Training Data
Participants can use any observational, forecast or reanalysis dataset to develop their AI/ML sub-seasonal forecasting models. To facilitate initial model development, registered participants can download post-processed ERA5 data from ECMWF.
Accessing Available Data
The following datasets at a 1.5 degree resolution have been made easily accessible:
- ERA5 data:
Weekly-mean temperature (K)
Weekly-mean mean sea level pressure (Pa)
Weekly-accumulated total precipitation (mm week-1)
Important
At the launch of the AI Weather Quest, post-processed training data is available from the 1st January 1979 to 31st December 2024. Updates to training data will be performed with a latency of three months.
Importing the Retrieve Training Data Module
To download post-processed ERA5 data, you will need functions from the retrieve_training_data.py module.
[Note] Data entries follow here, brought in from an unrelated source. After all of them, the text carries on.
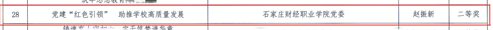近日,中共河北省委教育工作委员会发布《关于公布高校党建工作典型案例评选结果的通知》,揭晓了高校党建工作典型案例评选结果。我校《党建“红色引领” 助推学校高质量发展》荣获省级二等奖,实现学校党建工作新突破!充分展示了我校党委通过创建“红色引领”党建品牌活动,推动学校党建工作守正创新、特色发展的实践成果。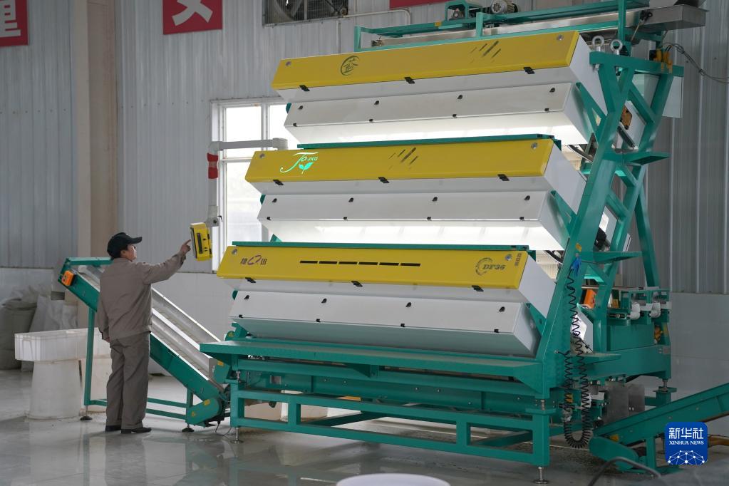 4月3日,在西鄉(xiāng)縣一家茶企生產(chǎn)車間,工人在操作色選機分揀茶葉。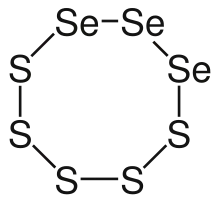 - ↑ Pekonen, Pentti.; Hiltunen, Yrjō; Laitinen, Risto S.; Pakkanen, Tapani A. (1991). "Chalcogen ring interconversion pathways. 77Se NMR spectroscopic study of the decomposition of 1,2,3,4,5-Se5S2 to 1,2,3,4,5,6-Se6S2 and 1,2,3,4-Se4S2". Inorganic Chemistry. 30 (19): 3679. doi:10.1021/ic00019a022.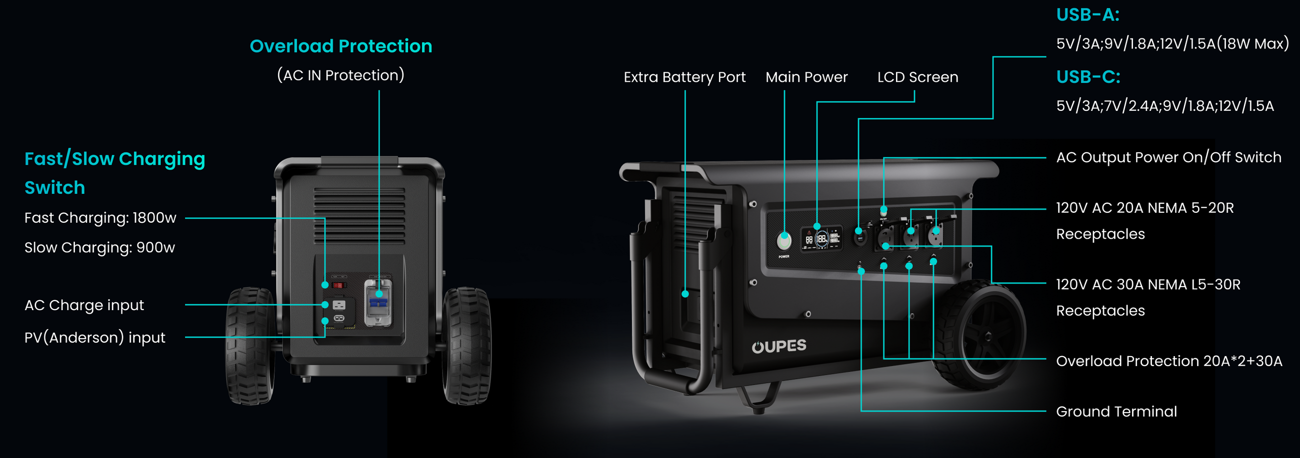 In order to meet the needs of various uses, the Titan series is designed with a variety of different types of interfaces, including 30A for RVs, Overload Protection to ensure safety, and a fast full charge switch button that can quickly switch the charging speed with one button to meet your charging needs in different situations.

The key function within this module is:
retrieve_annual_training_data: Download annual files containing weekly statistics for temperature (tas), mean sea level pressure (mslp) or precipitation (pr).
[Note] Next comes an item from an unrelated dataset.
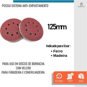 Kit 100 Unidades Disco de Lixa Vermelho 125mm 60/100/120/150/180 - Starfer• Disco de lixa abrasivo com pluma para uso em discos de borracha;• Com pluma para furadeira e esmerilhadeira;• Indicado para lixar Ferro e Madeira.• 8 Furos- Diâmetro = 125mm;- Rotação Máxima = 12220rpm - 80m/s.- Embalagem: Total de 100 Unidades• Composição:- 20 Unidades Disco de Lixa Grão 60- 20 Unidades Disco de Lixa Grão 100- 20 Unidades Disco de Lixa Grão 120- 20 Unidades Disco de Lixa Grão 150- 20 Unidades Disco de Lixa Grão 180Ref.:78916389920Marca: Starfer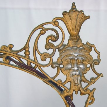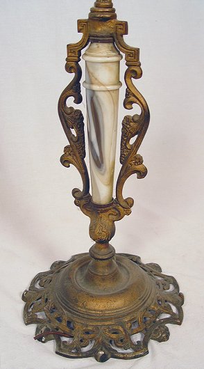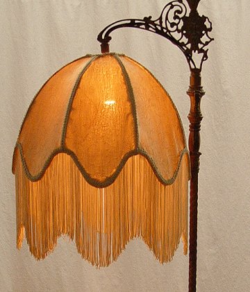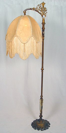 VINTAGE 1920'S FLOOR BRIDGE LAMP WITH AGATE GLASS: Gold colored metal bridge lamp. Note the face figure and agate glass on the pole. The fringed shade is in aged condition. 61 1/2''h.

To import the necessary module, use the following Python code:
from AI_WQ_package import retrieve_training_data
Downloading Training Data
Historical data, stored in annual files, can be retrieved using the retrieve_annual_training_data function:
retrieve_annual_training_data(<<year>>,<<variable>>,<<password>>,<<local_destination>>=None)
year (int): The year of requested data, i.e. 2000. The year must be between 1979 and 2024 inclusive.
variable (str): The requested variable. Options are:
'tas'
: Near-surface temperature'mslp'
: Mean sea level pressure'pr'
: Precipitation
password (str): The forecast submission password provided in your registration email.
local_destination (str): The local destination for the downloaded dataset. If unspecified, the dataset is saved within the working directory.
Note
The function only supports the variables listed above. Additionally, each file is approximately 41 MB and contains weekly statistics at a daily, 1.5 degree resolution. Participants should ensure they have adequate storage space if downloading multiple years.
Understanding Data Processing Details
Temperature and Pressure Data Processing
Downloaded at six-hourly intervals (0, 6, 12 and 18 UTC) at a 1.5 degree resolution.
Seven-day rolling means are computed, with time axis labels indicating the start of each seven-day period.
Precipitation Data Processing
Downloaded daily-accumulated ‘total precipitation’ at a 1.5 degree resolution using the following tool.
Daily accumulations are derived from hourly outputs of 12-hour background forecasts initialised at 0600 and 1800 UTC.
Seven-day rolling accumulations are computed, with time axis labels denoting the start of each seven-day period.
Filename conventions
For each post-processed historical file, the following filename convention is used:
<<variable>>_sevenday_<<weekly_statistic>>_<<year>>.nc
variable (str): The requested variable (tas, mslp or pr).
weekly_statistic (str): The statistic performed across a seven-day timescales. Options include:
'WEEKLYMEAN'
: Seven-day mean.'WEEKLYSUM'
: Seven-day sum.
year (int): The corresponding year associated with the dataset.
Summary
The following is a Python example that retrieves post-processed temperature, mean sea level pressure and precipitation data for 2005:
from AI_WQ_package import retrieve_training_data
# Download temperature data
tas_2005 = retrieve_training_data.retrieve_annual_training_data(2005,'tas',<<password>>)
# Download pressure data
mslp_2005 = retrieve_training_data.retrieve_annual_training_data(2005,'mslp',<<password>>)
# Download precipitation data
pr_2005 = retrieve_training_data.retrieve_annual_training_data(2005,'pr',<<password>>)